The Zero-Emission Bus (ZEB) conferences are another key opportunity to learn more about the sector’s development and meet JIVE partners. This event brings together manufacturers, operators, policymakers and industry to discuss the decarbonisation of public transport with battery-electric and fuel cell electric vehicles.
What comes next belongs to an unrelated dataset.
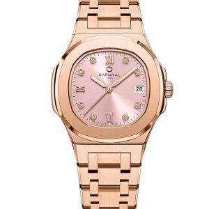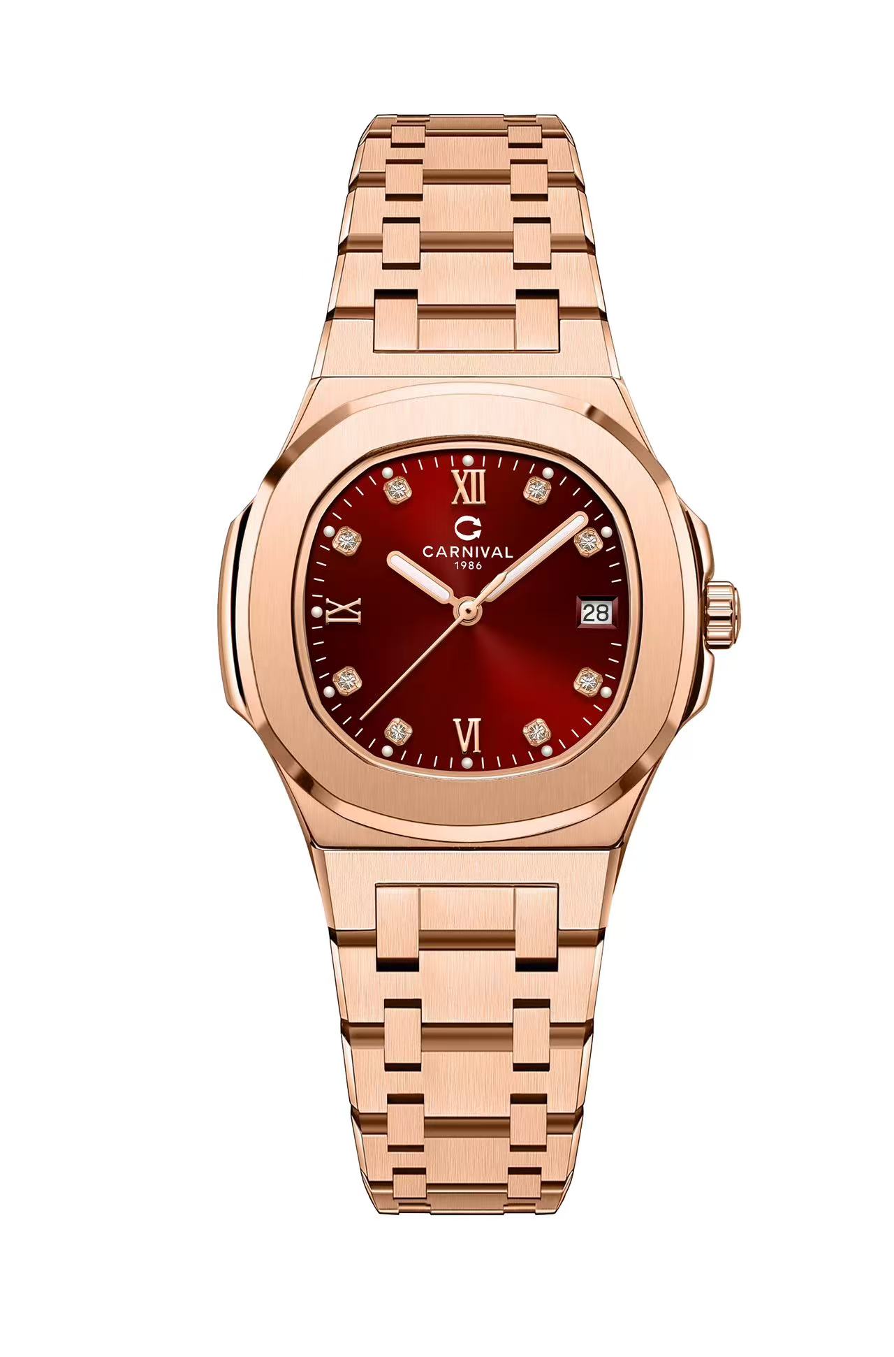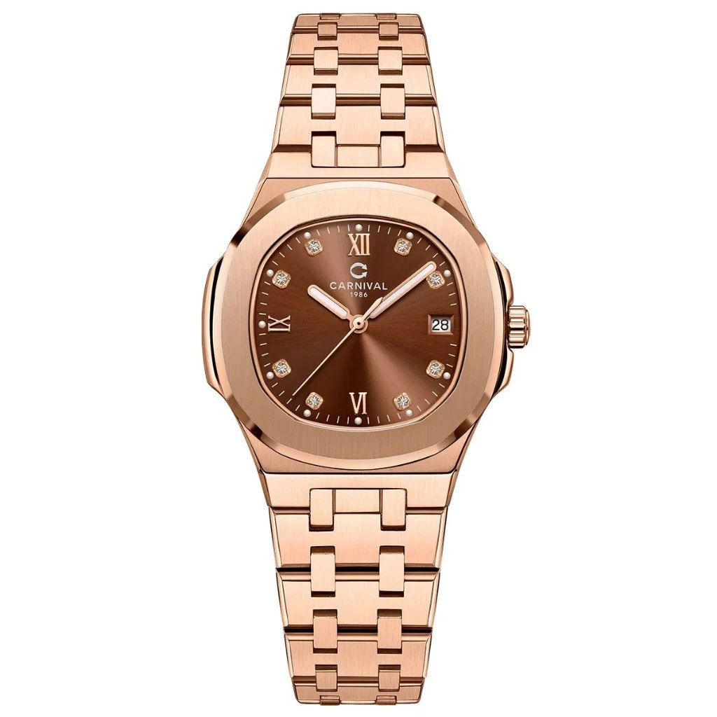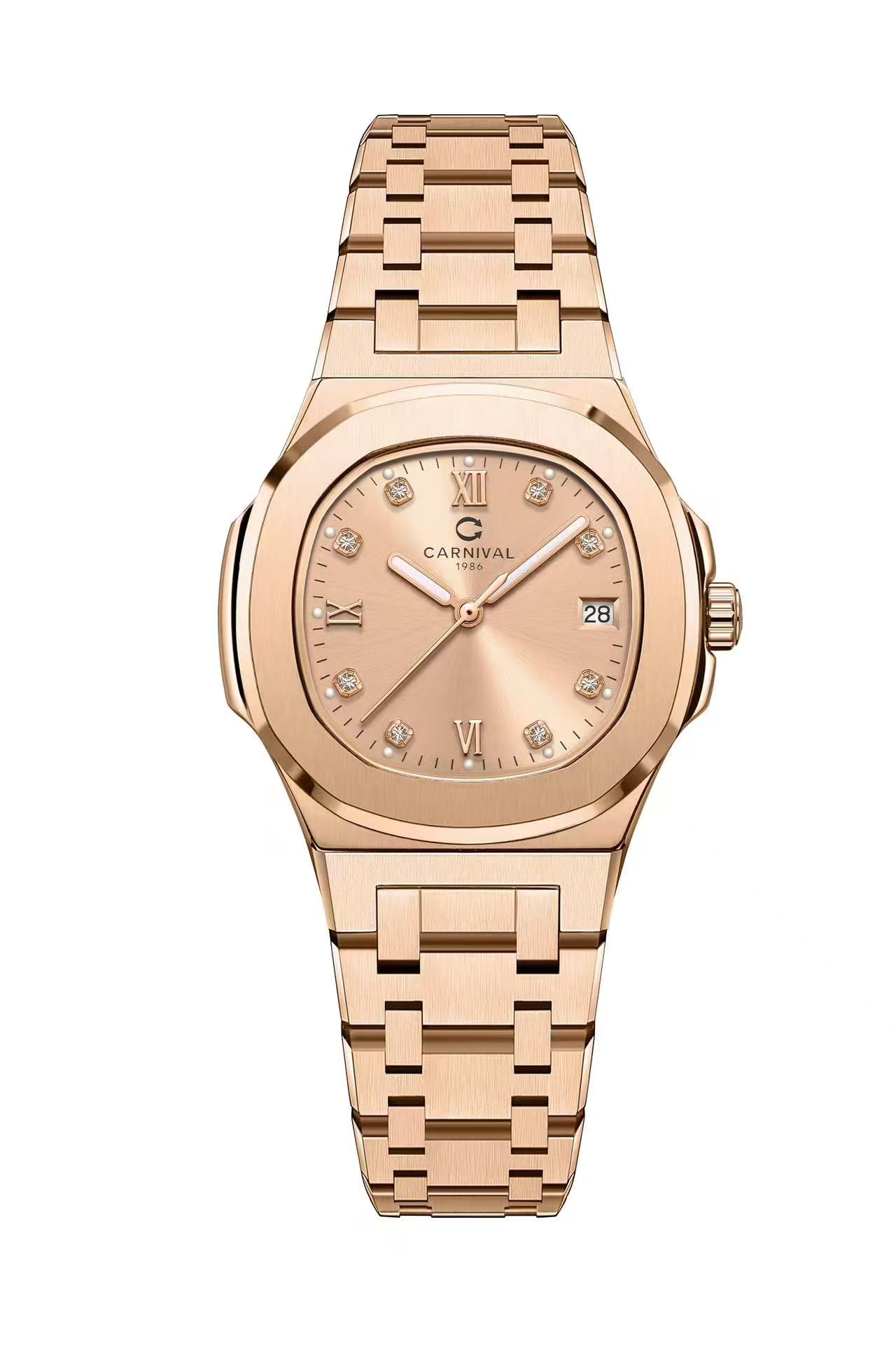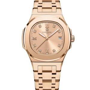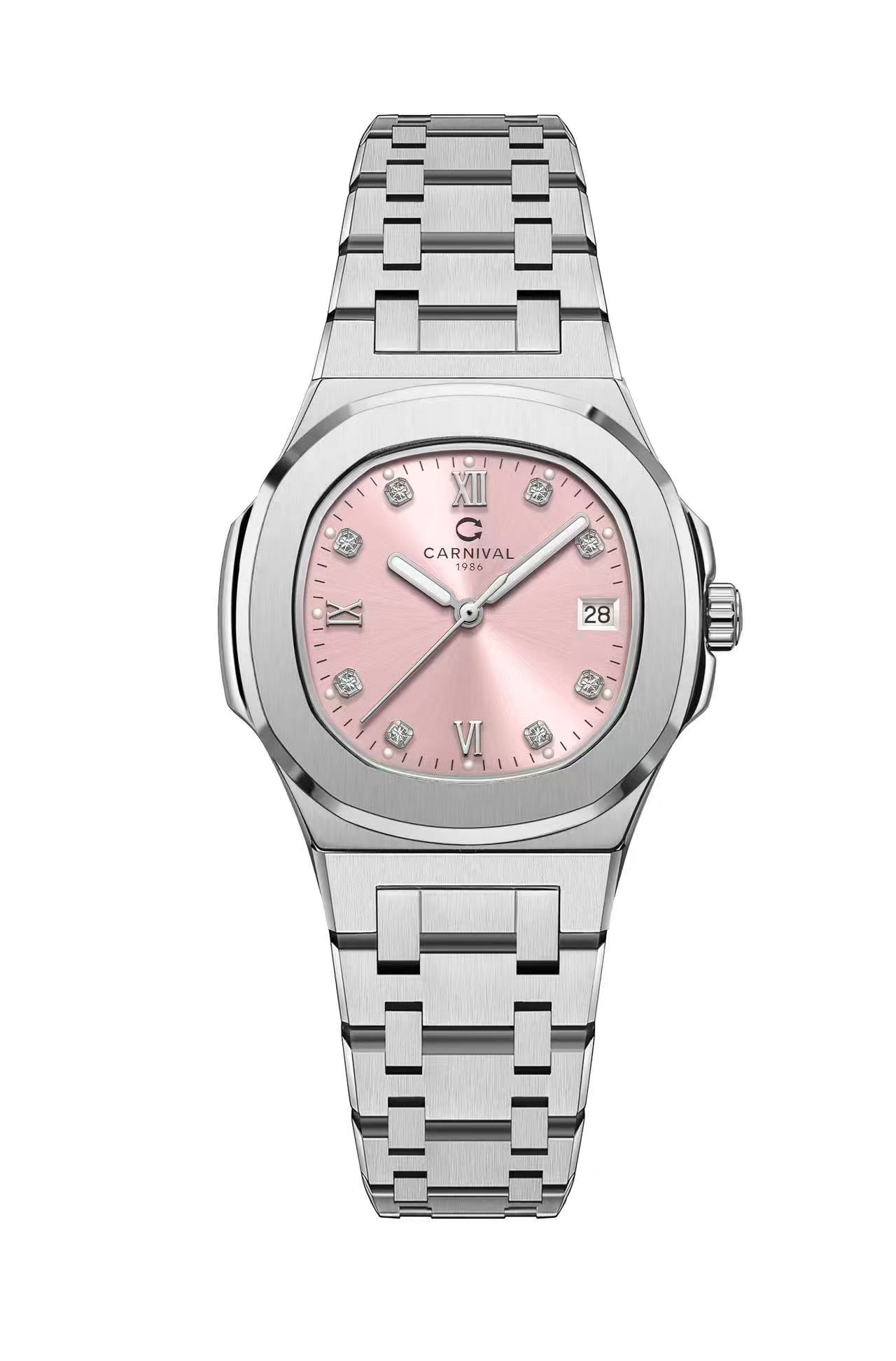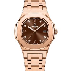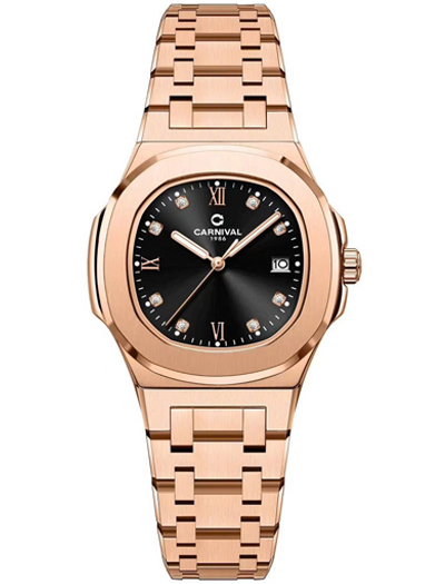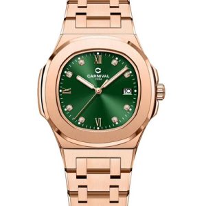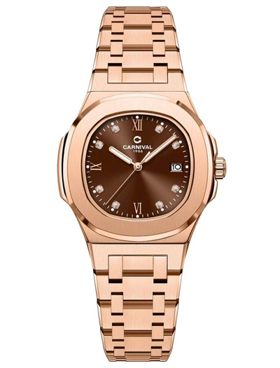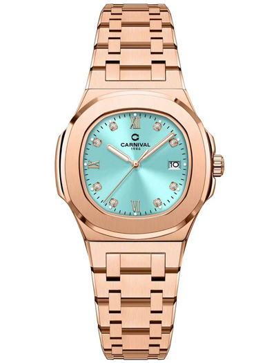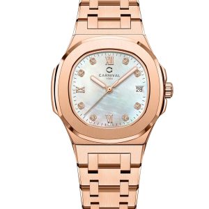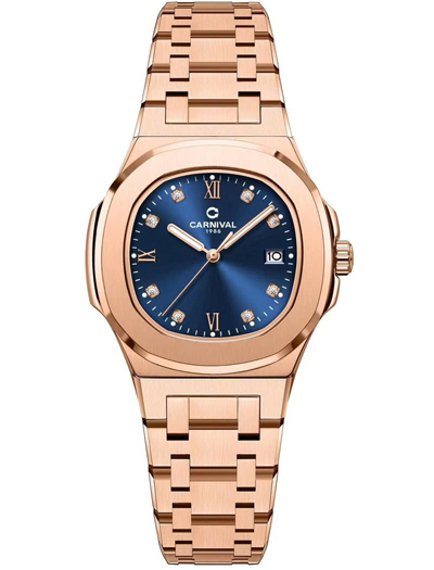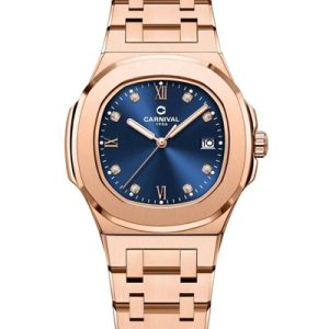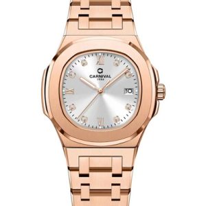 Nếu bạn yêu thích phong cách thanh lịch, tinh tế mang nét đặc trưng Thụy Sĩ, thì CARNIVAL 8160L chính là lựa chọn lý tưởng. Thuộc bộ sưu tập Carnival 8160L dành cho nữ, mẫu đồng hồ này gây ấn tượng ngay từ ánh nhìn đầu tiên với mặt số tròn cổ điển đậm chất dresswatch, kết hợp sắc vàng hồng hoặc bạc sang trọng trên viền bezel và kim chỉ — vừa trang nhã, vừa nổi bật nhưng không phô trương.

The next ZEB conference will be held in Paris on 17-18 November 2021.
The JIVE projects have laid the foundations for further growth of the European fuel cell bus sector. Follow-up initiatives are already underway to introduce more vehicles in other parts of Europe. The H2Bus Europe initiative, (5) for example, aims to deploy 600 buses in Denmark, Latvia, and the UK. In addition, JIVE will continue to demonstrate the role hydrogen can play in facilitating the transition to zero-emission transport with minimal disruption to fleet operators.
(1) Source: UITP position paper https://cms.uitp.org/wp/wp-content/uploads/2020/08/20170712_UITP_PositionPaper_Fuels-energy-and-policy-coherence.pdf
(2) JIVE (Grant agreement: 735582), JIVE 2 (Grant agreement: 779563).
Joint Initiative for hydrogen Vehicles across Europe (JIVE and JIVE2) have received funding from the European Union’s HORIZON 2020 Research programme under the Grant Agreement nos. 735582 and 779563.